◆ GIVEN DATA:
%%
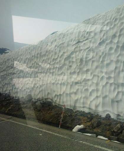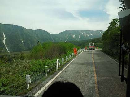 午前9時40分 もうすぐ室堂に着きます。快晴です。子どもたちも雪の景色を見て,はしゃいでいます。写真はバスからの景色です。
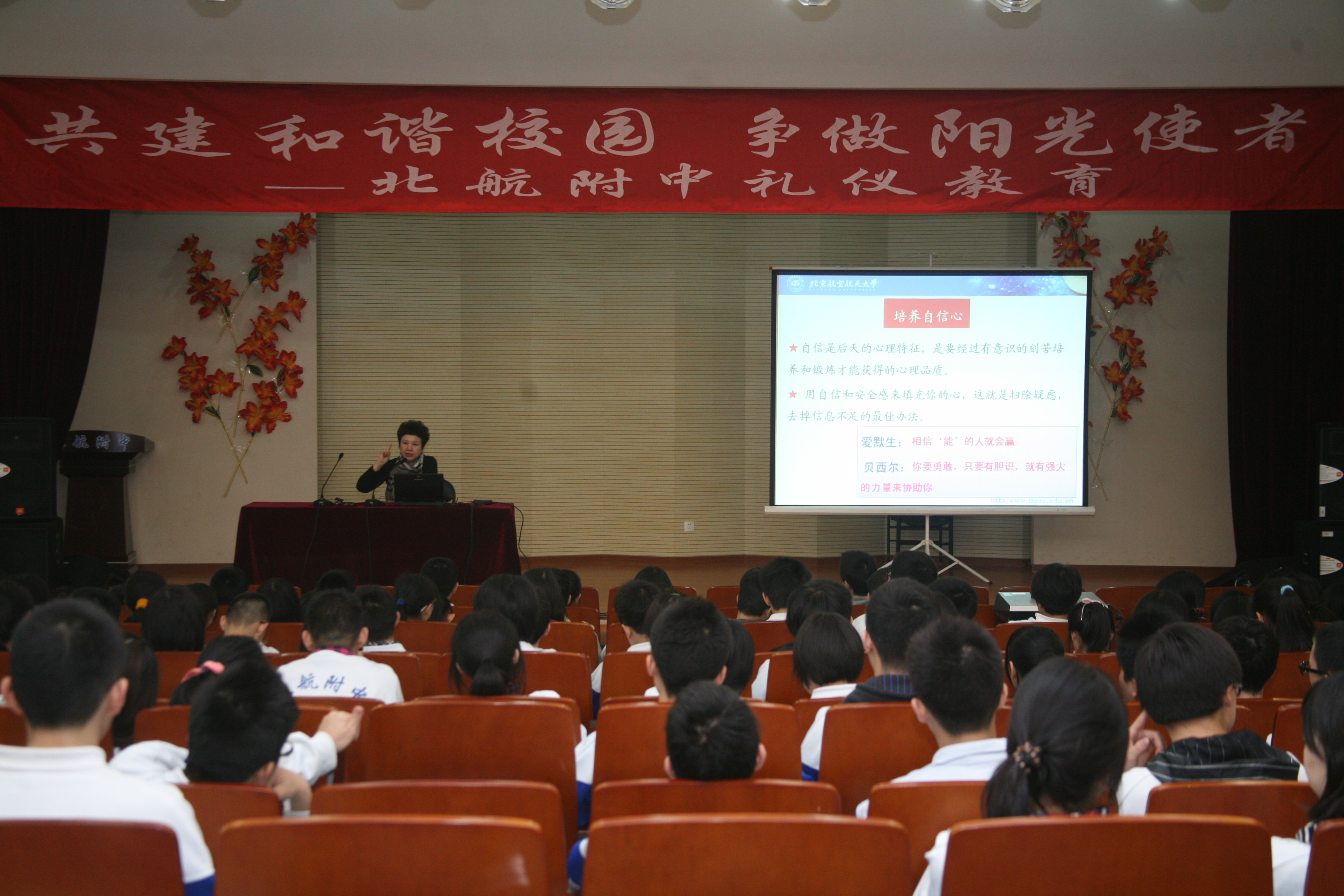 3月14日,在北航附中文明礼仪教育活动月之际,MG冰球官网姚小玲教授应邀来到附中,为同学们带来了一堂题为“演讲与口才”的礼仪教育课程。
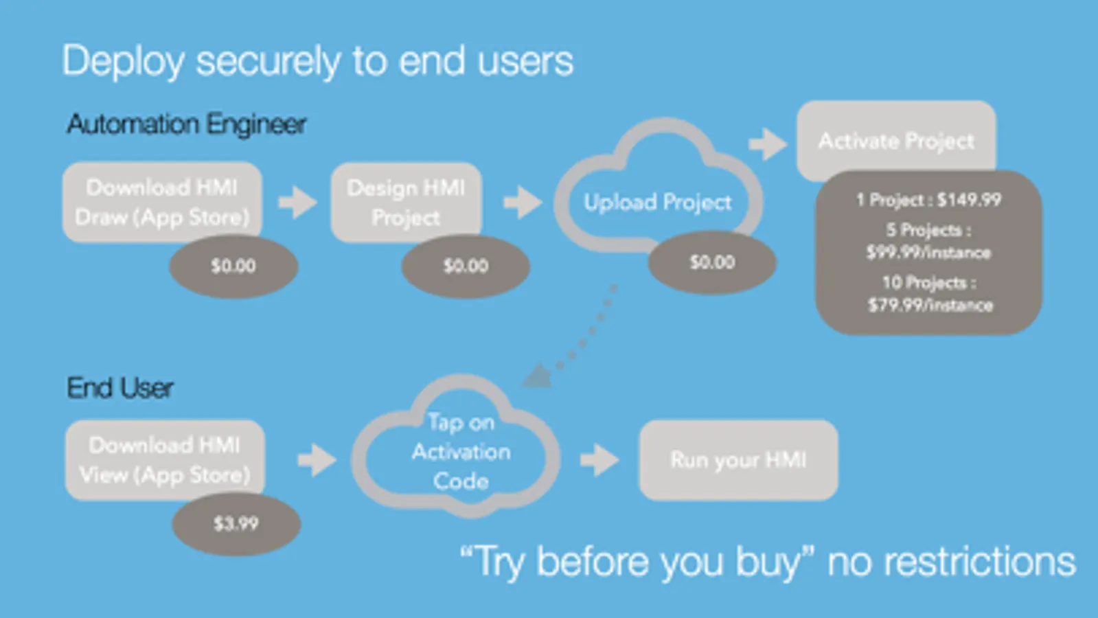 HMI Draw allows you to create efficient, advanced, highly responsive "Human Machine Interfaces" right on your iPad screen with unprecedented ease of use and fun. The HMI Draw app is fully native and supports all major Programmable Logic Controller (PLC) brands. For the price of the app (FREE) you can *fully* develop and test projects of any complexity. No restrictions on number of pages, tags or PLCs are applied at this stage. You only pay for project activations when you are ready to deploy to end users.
%%
◆ EXERCISE REQUIREMENTS: The answer should match the material exactly, with every picture removed.

◆ OUTPUT:
 午前9時40分 もうすぐ室堂に着きます。快晴です。子どもたちも雪の景色を見て,はしゃいでいます。写真はバスからの景色です。
 3月14日,在北航附中文明礼仪教育活动月之际,MG冰球官网姚小玲教授应邀来到附中,为同学们带来了一堂题为“演讲与口才”的礼仪教育课程。
 HMI Draw allows you to create efficient, advanced, highly responsive "Human Machine Interfaces" right on your iPad screen with unprecedented ease of use and fun. The HMI Draw app is fully native and supports all major Programmable Logic Controller (PLC) brands. For the price of the app (FREE) you can *fully* develop and test projects of any complexity. No restrictions on number of pages, tags or PLCs are applied at this stage. You only pay for project activations when you are ready to deploy to end users.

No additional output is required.